Ultrasound and contrast-enhanced MRI were used to examine the treated area one month after completing the HIFU procedure. Tumor lesions where no enhancement was observed after contrast-enhanced MRI were identified as necrotic tissues, while those with enhancement were considered viable tumors. The ablation ratio was calculated as the maximal necrotic tumor diameter divided by the maximal tumor diameter. The maximum diameters of tumor(s) before and 1-month after HIFU treatment were recorded. For patients with desmoid tumors in multiple sites, the maximum diameter was calculated as the sum of all tumors. The best overall therapeutic response was evaluated by contrast-enhanced MRI, using Response Evaluation Criteria in Solid Tumors (RECIST) 1.1. Follow-ups were carried out every 4-6 months after the first HIFU treatment until December 2022.

3 Results

Among the 57 patients, 35 with abdominal wall DTs chose HIFU over surgery. The remaining 20 patients had extra-abdominal or intra-abdominal DTs on sites where surgeries were incapable, including the chest wall, neck, and shoulder.
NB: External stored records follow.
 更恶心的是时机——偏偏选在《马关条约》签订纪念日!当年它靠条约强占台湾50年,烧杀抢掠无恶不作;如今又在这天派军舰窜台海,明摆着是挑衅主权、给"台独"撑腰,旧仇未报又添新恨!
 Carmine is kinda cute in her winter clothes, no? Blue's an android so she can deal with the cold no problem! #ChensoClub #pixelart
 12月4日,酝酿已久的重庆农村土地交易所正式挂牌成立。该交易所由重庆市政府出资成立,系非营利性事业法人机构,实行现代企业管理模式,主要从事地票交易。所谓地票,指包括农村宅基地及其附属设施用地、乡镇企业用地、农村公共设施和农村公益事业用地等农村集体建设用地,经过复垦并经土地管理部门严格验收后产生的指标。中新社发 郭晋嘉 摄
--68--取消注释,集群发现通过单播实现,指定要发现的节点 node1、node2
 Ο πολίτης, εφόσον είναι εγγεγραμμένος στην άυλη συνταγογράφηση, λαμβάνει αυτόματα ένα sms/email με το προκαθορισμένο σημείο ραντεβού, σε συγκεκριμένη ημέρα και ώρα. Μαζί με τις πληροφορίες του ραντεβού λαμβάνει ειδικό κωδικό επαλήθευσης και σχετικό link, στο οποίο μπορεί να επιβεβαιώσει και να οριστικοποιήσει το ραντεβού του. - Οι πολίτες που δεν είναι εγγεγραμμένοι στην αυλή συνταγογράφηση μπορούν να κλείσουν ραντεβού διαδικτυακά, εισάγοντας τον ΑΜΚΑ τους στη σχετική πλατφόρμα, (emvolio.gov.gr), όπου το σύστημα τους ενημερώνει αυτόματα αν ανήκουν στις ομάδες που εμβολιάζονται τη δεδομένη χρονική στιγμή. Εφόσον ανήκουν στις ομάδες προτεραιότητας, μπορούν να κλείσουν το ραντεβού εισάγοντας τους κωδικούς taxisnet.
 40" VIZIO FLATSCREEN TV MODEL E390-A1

Patients who received the low power cumulative HIFU treatment are mostly females (55 females, 2 males) and their ages range from 19 to 69 with a median of 32. There are 20 patients with extra-abdominal DT, 35 cases with abdominal wall DT, and 2 intra-abdominal. Among the 35 patients with abdominal wall DT, 33 were females and 27 had a pregnancy history, which is consistent with the prevalence characteristics of this type of tumor (7). 3 extra-abdominal DT patients had tumors at multiple locations and the maximum tumor diameter of all patients before HIFU treatment ranges from 1.3 cm to 20.0 cm with a median of 7.0 cm.

As an example, a 29-year woman was referred to our hospital for a painful left abdominal wall mass and diagnosed as DT. A 4.5cm tumor located at the left lower quadrant was detected by MRI (Figure 1A) and diagnosed as DT after aspiration biopsy. She underwent 3 HIFU treatments. On the contrast-enhanced MRI three months after the last treatment, the tumor regressed significantly from 4.5cm to 1.5cm in diameter with obvious necrosis inside (Figure 1B). Six months later, the MRI showed patchy mixed signals with an unclear margin in oblique internal abdominal muscle, which demonstrated that the tumor was significantly necrotic and absorbed (Figure 1C). By now, no tumor recurrence was observed.

Figure 1

Figure 1 MRI images from before (A) and 3 months after (B) and 6 months after (C) HIFU therapy. (A) A 4.5 cm tumor located at the left lower quadrant; (B) The tumor regressed significantly from 4.5cm to 1.5 cm in diameter with obvious necrosis inside; (C) The tumor was significantly necrotic and absorbed. The MRI sequence is T2 FLAIR.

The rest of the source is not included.